Thursday, 7 April 2011

Do It Yourself ePublishing Step 2: Plain Text

A few posts back, I mentioned I was going to write about how to make your book look beautiful on a Kindle. I'm afraid I'm going to have to renege on that promise - I've decided it isn't possible.

Let's say you publish a PDF, as I was initially going to. You've chosen your fonts, positioned the text exactly as you want it, and put some images in. The pages fit the size of your Kindle's screen exactly. You've checked over it, and you feel happy for the rest of the world to see it.

The first person to download your book is Dave. Dave has an iPad, so the pages of your book don't fit his screen, and PDF does not allow for the text to re-flow. Dave decides he'd rather the book were an .epub file, so he uses Calibre to convert it.

Unfortunately, this leaves your carefully formatted sequence of poems completely unreadable.

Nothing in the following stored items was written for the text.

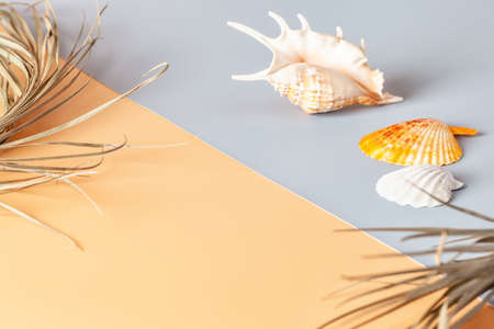 Summer composition. Seashells and dry palm leaves. Copy space.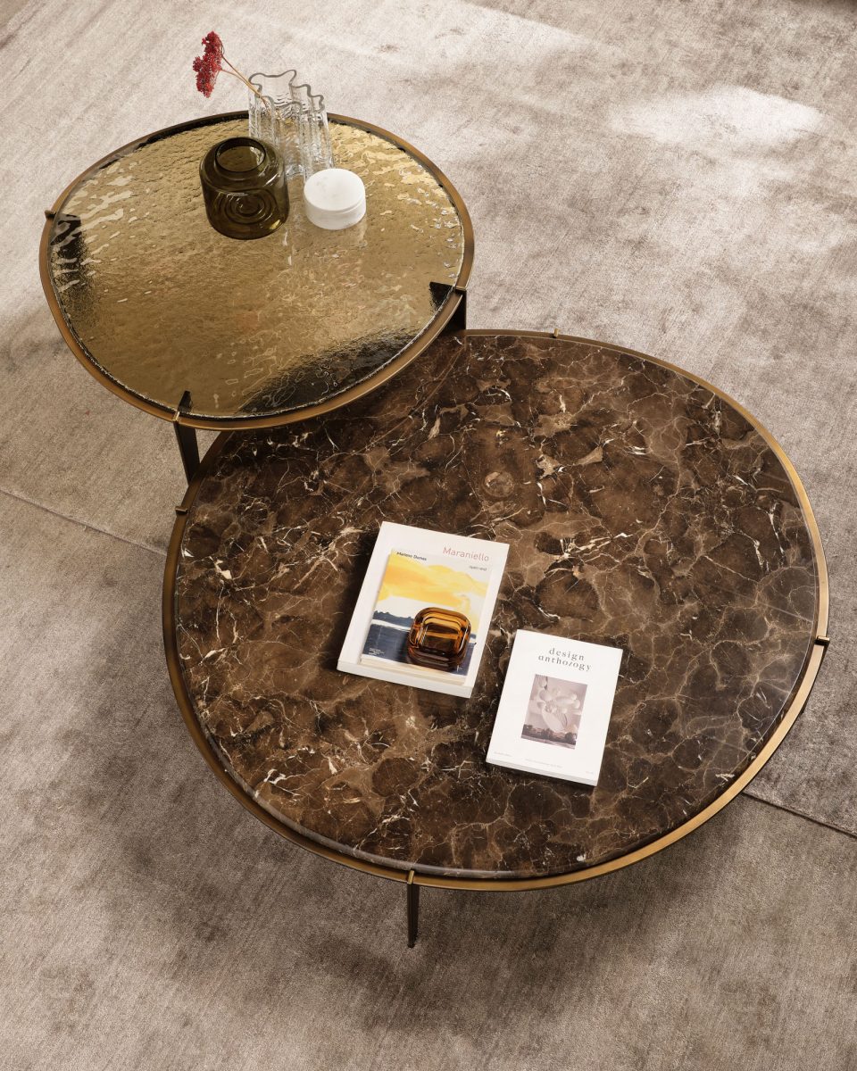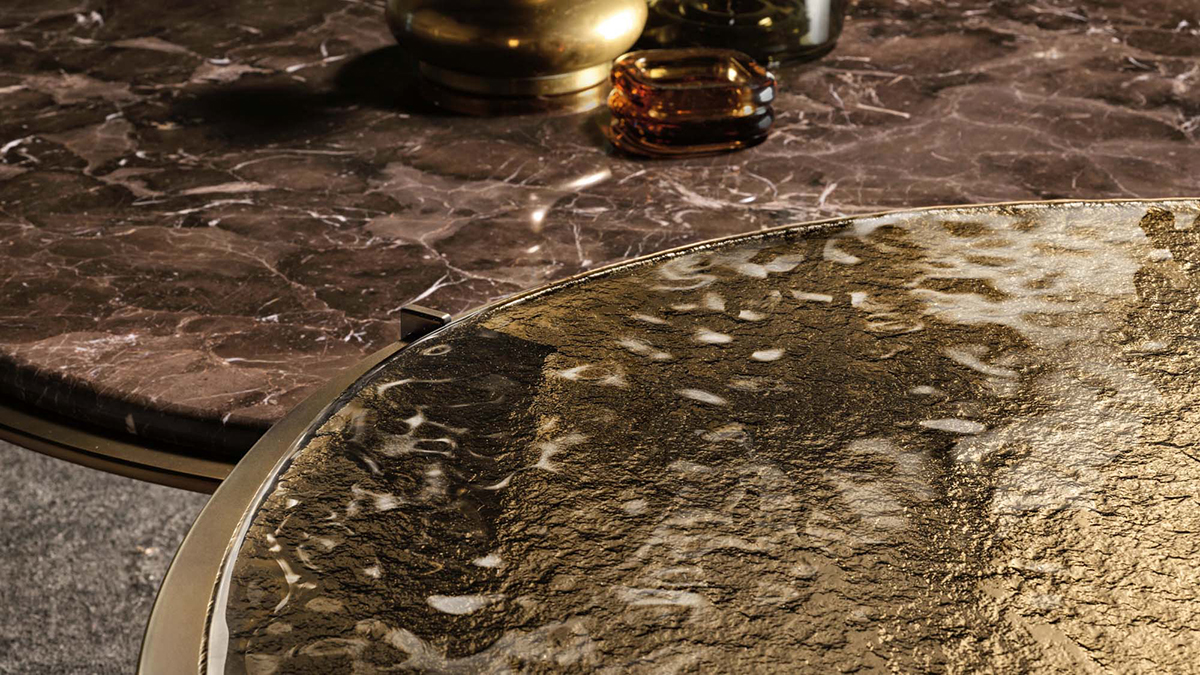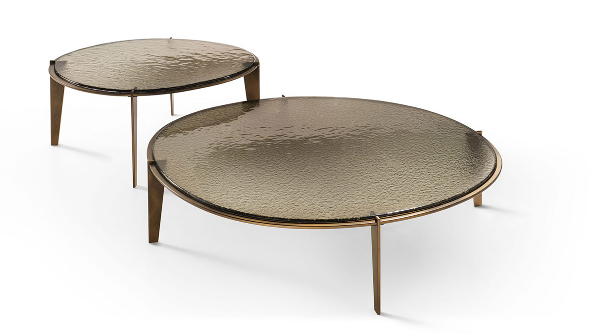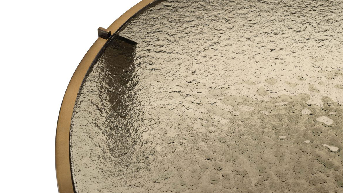 Журнальный столик со столешницей из плавленого и закаленного стекла толщиной 10 мм, с дымчатой или бронзовой отделкой. Столешница также может быть выполнена из мрамора. Металлическое основание из полированной латуни.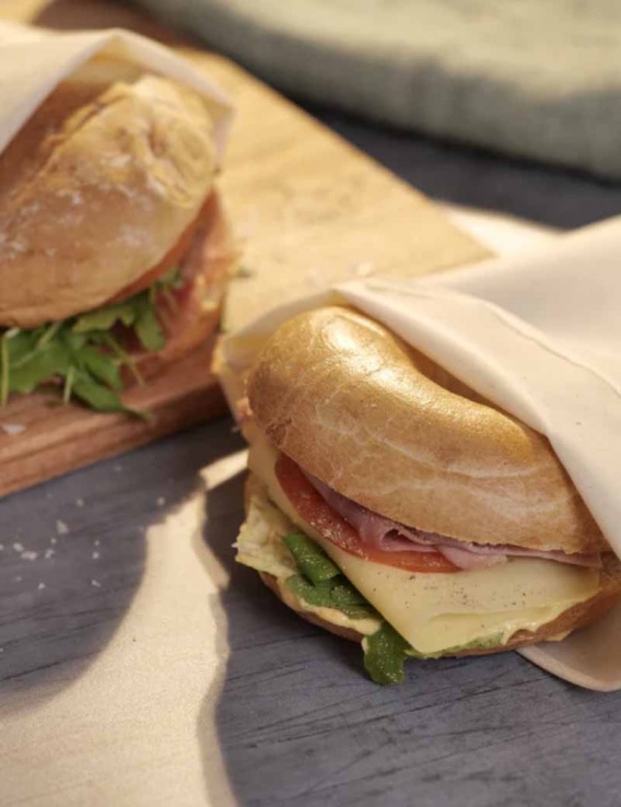 Fabriqué avec un tissu innovant en coton et silicone qui lui donne un aspect enduit, il est idéal pour les aliments un peu humide.

My point is that as soon as your book is available on the internet, you have to relinquish control. Even rotating the screen on a device changes the way your book appears.

Self-publish eBook store Smashwords have a program that takes your document and converts it into every format imaginable. They call it a meat grinder, which I think is a nice metaphor for the effect the internet will have on your carefully presented words. Now, to really torture that metaphor; if you had a meat grinder and wanted to make some good mince, you'd be careful to only put quality meat and no bones in at the start. This is what your eBook ought to consist of - lots of meaty language and as little formatting as possible.

Whatever your feeling about losing all the 'packaging' a text usually comes wrapped up in, it's probably best to embrace purity. At least it places the focus back where it should be: on your writing.

If you'd like to learn more about stripping back a word document for ePublishing, I strongly recommend you read the Smashwords Style Guide, even if you don't plan on publishing with them. Having a clean word document is a good first step in preparing your work, however you eventually plan to sell it.